その文脈でいくと、と前置きをしてから持論を展開する。

自分のアイドル観には「依代」というイメージが前提になっている。プロデューサーという陰陽師がいて、紙切れに過ぎない人形(ひとがた)にかりそめの魂魄を込める。

吹き込まれている間だけは人形は生きているかのように振る舞い、魂魄を通じた術師とのつながりが切れると、人形は元の紙切れへと戻っていく。

 

近年のアイドル観は、アイドル自身の主体性に軸を置き、人間としてのアイドルにフォーカスを当てているものが多い。それは表現者は主体的であるべしという、現代思想と芸術の間で結ばれた暗黙の協定でもあるのだろう。

 

だからこそ、『ステージママと子役』という主題は芸能の世界ではありふれてていながらも、現代社会においてあるべき表現者の型からは外れている。それでいて、最も優れた表現者はその中から生まれてくるだけに、彼らの存在は常に矛盾を孕んでいる。

 

結局のところ、幼い頃から特殊な訓練に耐えて、特殊な環境で育ってきた彼らを「長い下積み時代」などと呼び、「自ら表現の壁に挑み続ける者」というストーリーにすり替えることで主体的な表現者という現代社会のタテマエにうまく取り込んでいる。

そしてショービジネスに欠かせない観客もまた、彼らの長く苦しい下積み時代もまた演出として受け入れ、喝采するのだ。

 

あえてそんなところも踏まえた上で、アイドルをプロデュースする人間こそ真の表現者と規定し、プロデューサーの意図を忠実に再現する秀でた依代、つまりアイドルを敬意を込めて「人形(にんぎょう)」と個人的には呼んでいる。

 

「じゃあ、めふぁこにとって本当に見たいのはプロデューサーの表現であって、アイドルというのはある種のインターフェイスにすぎないってことだね」

「そうなるね」

 

依代というより、自分のイメージはイタコに近いかもしれない。

演劇であれ、総合芸術であれ、すべては第四の壁に隔てられた、現代では数少ない聖別された領域で起こることだ。そこに立つ者は俗世におけるあらゆる業を捨て去って、フラットになる。

「良い役者は『作れる』役者じゃなくて、フラットになれる役者だ」

演劇を長年やってる人間からそんな話を聞いて、霊媒師みたいだなとその時はぼんやり思った。人間としての本来の人格を仕舞い込んで、別の表現、別の人格を受け入れる身体をスタンバイさせる能力。

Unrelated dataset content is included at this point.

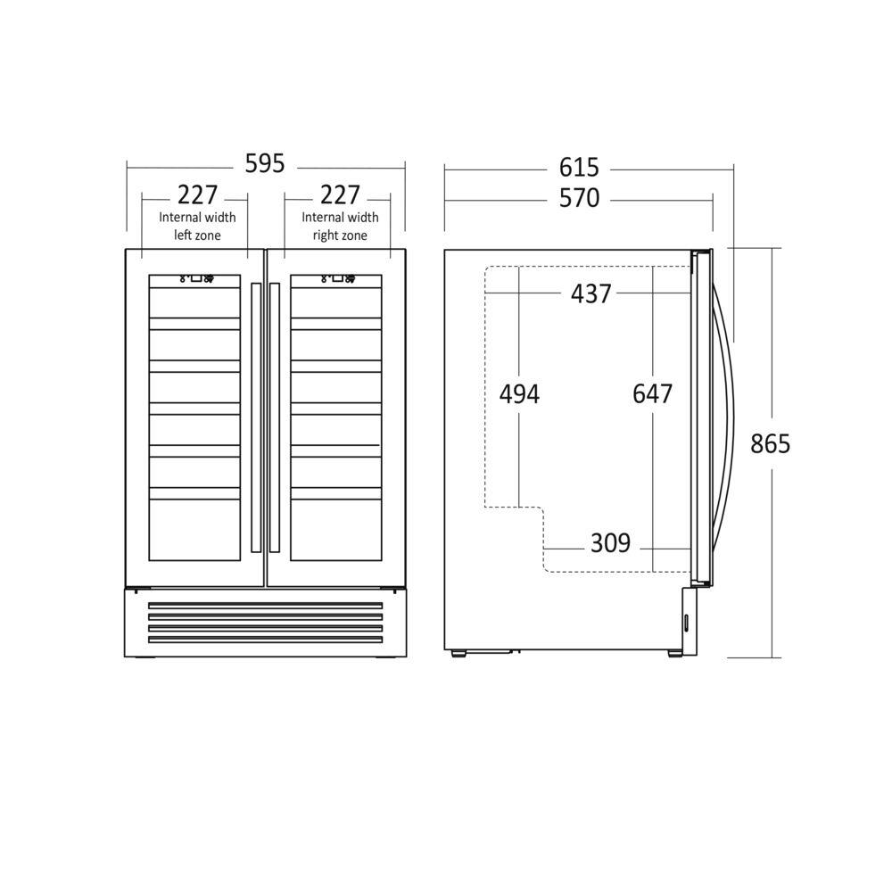 SV 91 X har to kjølesoner som sikrer at du alltid kan ha temperert rødvin i den ene sonen og avkjølt hvitvin i den andre sonen. Det er raskt og enkelt å stille inn individuelle temperaturer for de to temperatursonene, ettersom hver sone har et enkelt kontrollpanel. For eksempel kan du stille inn den ene sonen til 10 grader og den andre sonen til 17 grader. De to sonene er uavhengige av hverandre.

それが役者と霊媒師の共通点なんじゃなかろうかとふと浮かんだ。

 

「個人的には、めふぁこのいう人形がどっかの時点で人形じゃいられなくなって、それでも芸能界に居残ろうとするアイドルとか見てると悲しくなるんだよね」

「人形として育てられたのに、若さ以外の理由で人形でいられなくなるタイミングがきっとあるんだろうね」

「それでも、他の生き方を知らないから芸能界のどこかには居場所を見つけ出そうとしてしまう、それをはっきり見てしまう瞬間が悲しいんだ。」

 

舞台に上がることを目的に作られた人形は、檜の舞台から降りて生きる術を知らない。

そして社会は主体的な表現者であれと言外に命令し続ける。